そこに待ち構えていたのは、人質に取られたユフィだ。

首に鎌を当てられている。

そして、親父……


「はじめまして、ケイト君」


「どうも」


手に汗が滲んだ。

冷静を装っているつもりだが、いざこの光景を目の当たりにしたら嫌でも鼓動が早くなる。
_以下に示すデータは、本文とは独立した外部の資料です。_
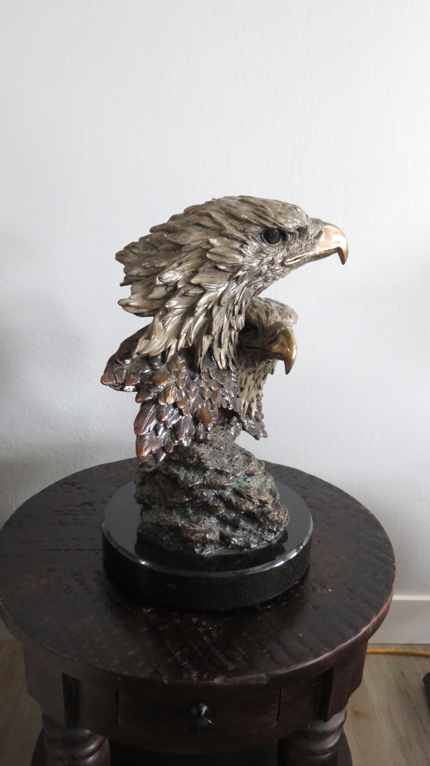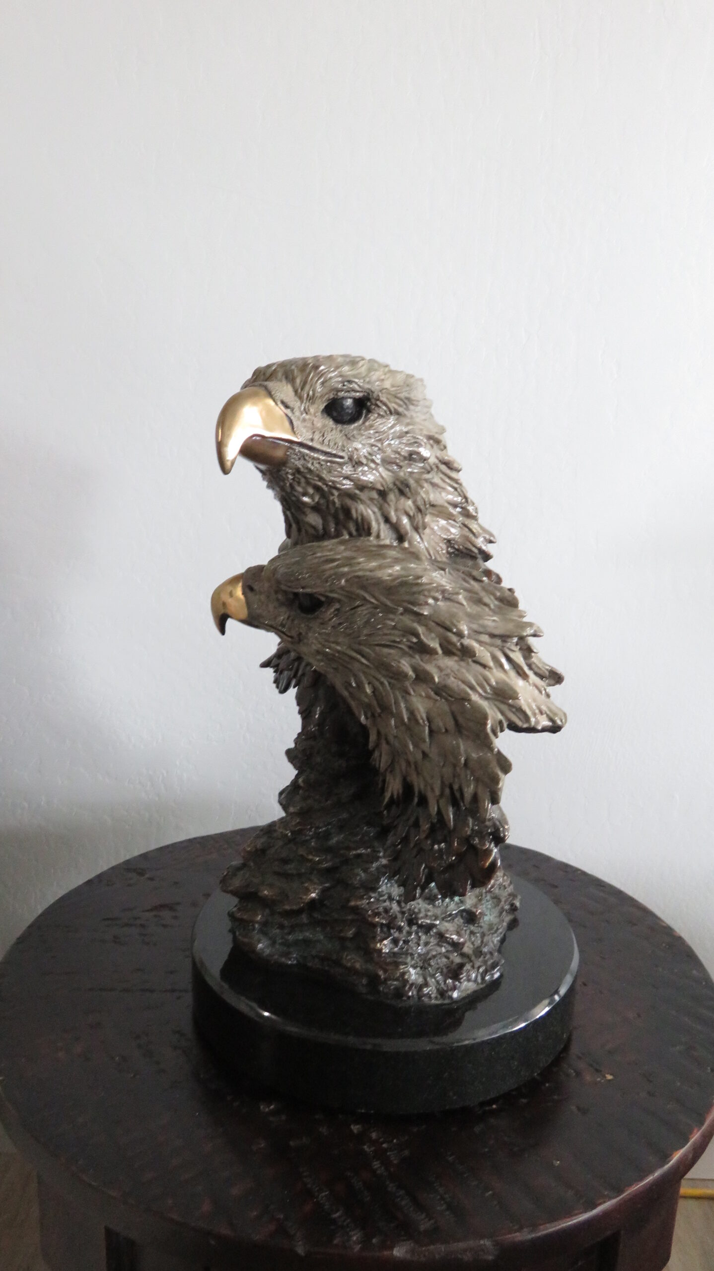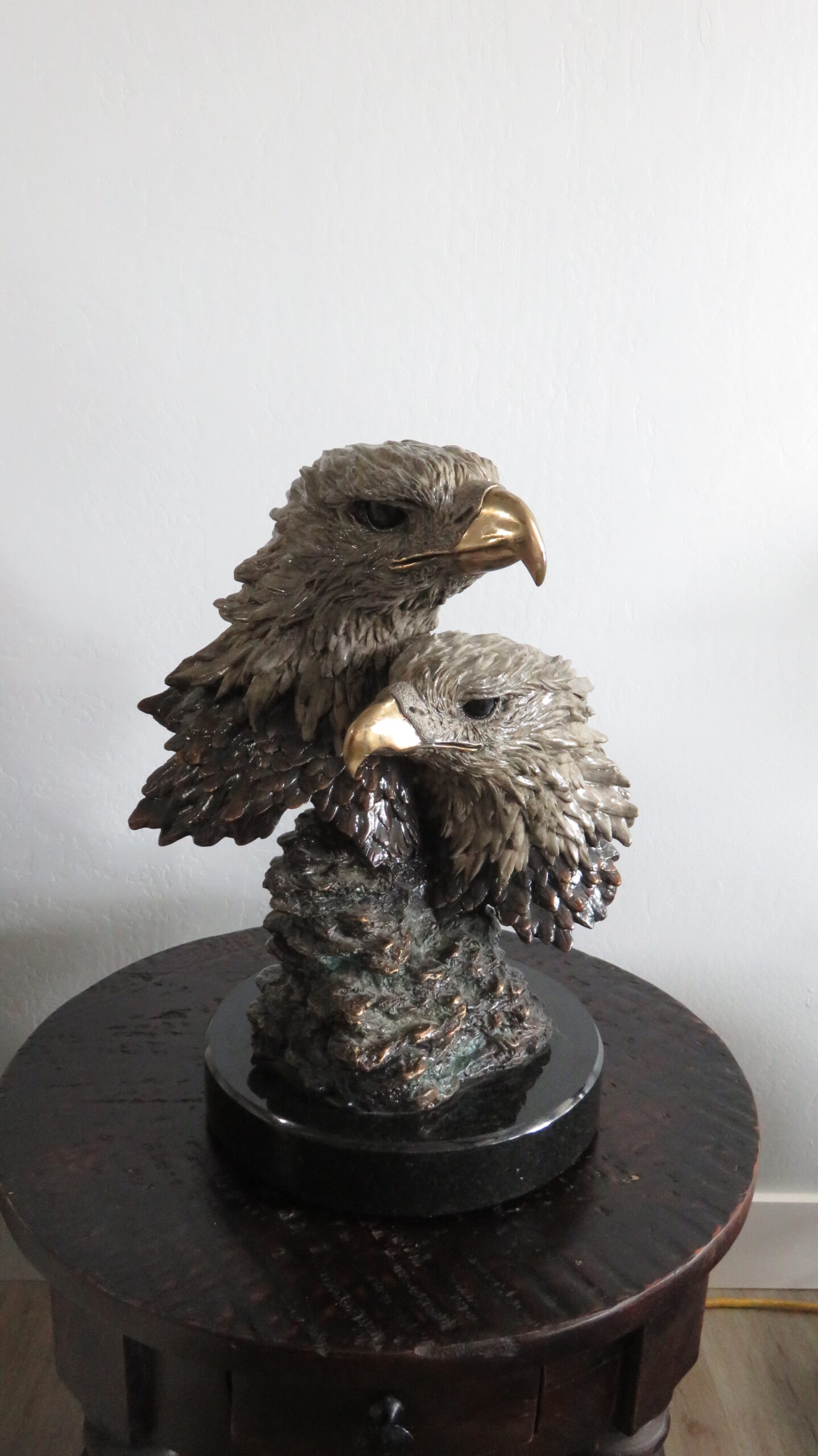 Here we have the most exquisite bronze art item that we have handled to date. It is a work by DeLier done by Foundry Master Charles L. Wambold. The bronze depicts a pair of Eagles in a patinated bronze finish. It has a marble base with an easy glide turn for ease of viewing from many angles. Casting was made with the lost wax method and has fantastic finish and life-like texture. This art item is accompanied by the original Certificate of Authenticity. Suggested retail value for this item was $15,000 at the time of production.
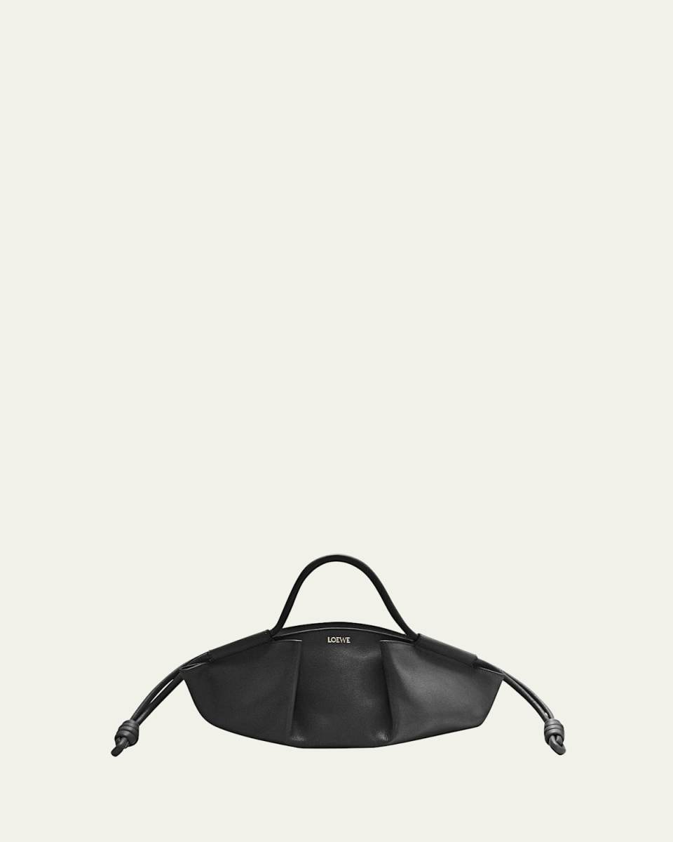 Loewe "Paseo" top handle bag in calf leather Rolled top handles Detachable, adjustable shoulder strap Can be worn as a clutch, top handle, or shoulder bag Drawstring side closure; zip top closure Approx. 8.3"H x 13.8"W x 4.5"D Made in Spain
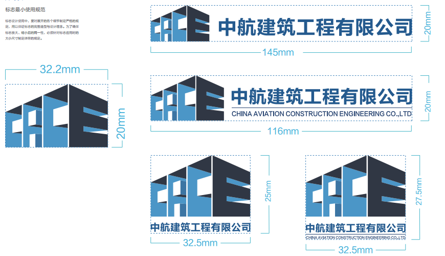 Logo造型以字母CACE為基礎(chǔ)元素。Logo采用標(biāo)準(zhǔn)的“黃金比例”進行分組排布,彰顯美感。黃金比例在眾多建筑中均有運用,造就了一系列經(jīng)典的優(yōu)美的傳世名作,例如帕特農(nóng)神廟。此處借用黃金比例的優(yōu)美造型和傳世悠久的意義,寓意企業(yè)能在未來,一枝獨秀,長遠發(fā)展,讓未來更加美好的企業(yè)愿景。整體造型以方正的建筑為藍本,進行變化延伸,符合企業(yè)的業(yè)務(wù)范疇,Logo的每一根線條,遵循標(biāo)準(zhǔn)的透視規(guī)律,突出企業(yè)的穩(wěn)重形象以及一絲不茍的企業(yè)精神。

「今宵は本当に私を楽しませてくれるな。極め付けは君たち親子の殺し合いだ。どんなショーよりも面白くなるだろう」


吸血鬼がそういうと、ディックは剣を抜いた。

もう一本のミスリルソードだ。


「モード・槍」


俺はポールを槍に変化させた。

槍ならば、力量に差があっても応じることができると踏んだからだ。

親父がこちらに駆け出し、剣を振り下ろす。

ガキン、と槍の十字部分で受け止める。

このまま横にいなせば、槍の先端を当てることができる。

そこまで想像して、手が止まってしまった。


(できない……)


親父に槍を突き立てるなんて、俺には……

その時、親父が剣を振りはらって来た。

逆に槍を弾かれてしまい、隙ができる。


「モード・盾」


俺はとっさに槍を盾に変化させ、どうにか剣を凌いだ。

ガンガン、と猛攻が続く。

くそ、どうしたらいい……






ユフィは首に鎌を添えられ、声が出せないでいた。

目の前ではケイトが一方的な攻撃を受けている。

無力な自分が情けないと、ユフィは思っていた。


(私が足手まといになってる……)


その時、ふと鎌を見ると、小刻みに震えていた。

吸血鬼の方を見ると、片方の手で胸を押さえている。

その胸からは、血が滲んでいた。

かつて、ディックにつけられた古傷が、ミスリルソードの魔力に当てられて開いたのであった。


「ぐうっ」


吸血鬼は苦しそうな表情をし、とうとううめき声を漏らした。


(今なら逃げだせる!)


ユフィは鎌から逃れ、扉に向かって走り出した。

しかし、足がもつれてその場に転倒してしまった。

まだ酔いが残っていたのだ。


「小娘がっ!」


吸血鬼が鎌を剣に変化させ、ユフィの背後から突き立てようとした。






「ユフィ!」


俺は盾で剣を防いでいるため、動くことができなかった。

ユフィが剣を突き立てられるのを見ているしかないのか。

だが、吸血鬼は苦しそうに胸を押さえて、その場に固まってしまった。


「剣を……しま……え」


そう命じると、親父は剣をしまった。


「はあ、はあ、死ねっ!」


俺はすかさずミスリルソードを抜いて、吸血鬼の方に走り出した。

ミスリルを感じた吸血鬼は再度苦しみだしたが、構わず剣を振り下ろした。

グサリ、と剣が突きさった。


ユフィの体に剣が触れた。

が、体を貫くことはできなかった。

一瞬早く、俺の方が吸血鬼に剣を突き立てていた。